The Plaza is a Grade II* listed art deco single-screen cinema and theatre in Stockport, Greater Manchester, England. It opened in 1932, its construction having involved the excavation of the sandstone cliff behind it. After an initial closure in 1966 and a subsequent period in use as a bingo hall by Rank Leisure, it has now been restored as a cinema and theatre, showing films and staging live shows.

== Building ==
The building was designed in 1929 by William Thornley and constructed in 1932–33. It is in the Art Deco style, and is of brick, with much internal structural steelwork, and with its front elevation clad in faience, a glazed architectural terracotta. It contains a double-height auditorium with a gallery and small stage. The auditorium is decorated with vaguely Greek and Egyptian plasterwork and mouldings, including a broad proscenium arch, pilasters with Corinthian capitals, and friezes of dancing maidens and musical instruments.

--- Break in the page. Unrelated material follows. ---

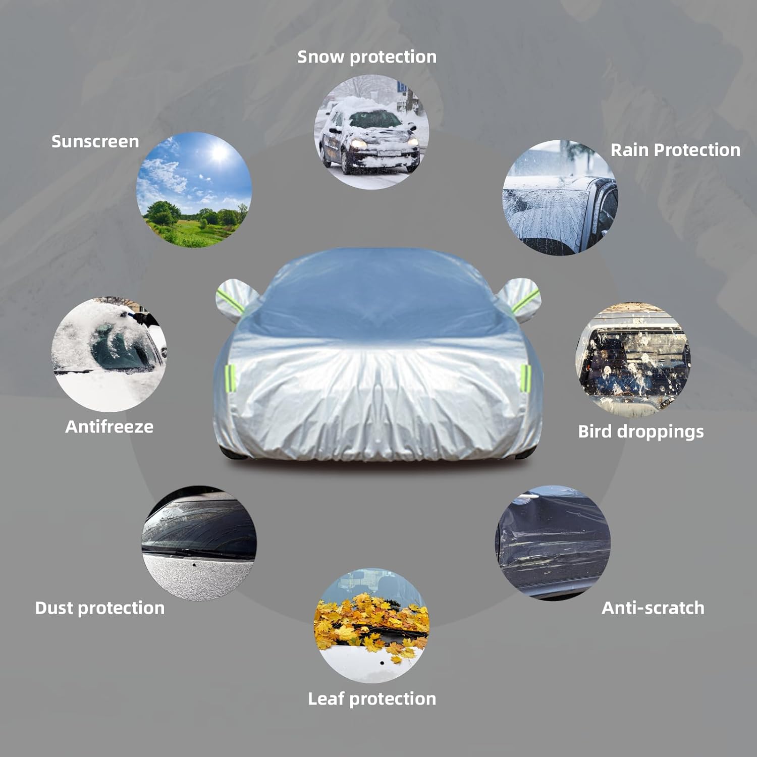 - 【All-Season Protection】 Whether under the scorching sun or in frigid weather, our SUV car cover provides comprehensive protection across all four seasons. It guards against dust, snow, hail, industrial pollutants, bird droppings, leaves, pollen, acid rain, and intense sunlight, preserving your car's exterior in all conditions.
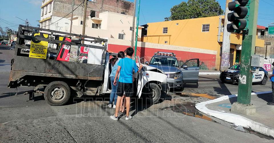 Tampico, Tamaulipas. - Dos personas heridas y cuantiosos daños materiales fue el saldo que dejó el fuerte choque entre una camioneta propiedad de la Dirección de Servicios Públicos del Ayuntamiento de Tampico y otra unidad en la que viajaban turistas procedentes de Nuevo León.

Many motifs were derived directly from the 1925 Paris Exhibition of Decorative Arts. These features were enhanced by a sophisticated concealed Holophane lighting system, fragments of which survive. It had an original seating capacity of around 1,873, and in its restored state has 614 seats in the stalls, 318 in the front circle and 254 in the rear circle (the balcony).

There is also a foyer with a long, first-floor restaurant above, overlooking Mersey Square. It was listed in 1997 at Grade II* by Historic England. It is described as a "remarkably lavish exercise in the Art Deco style", and an "exceptionally complete example of a 1930s 'super' cinema, which survives little altered and retains its Compton organ".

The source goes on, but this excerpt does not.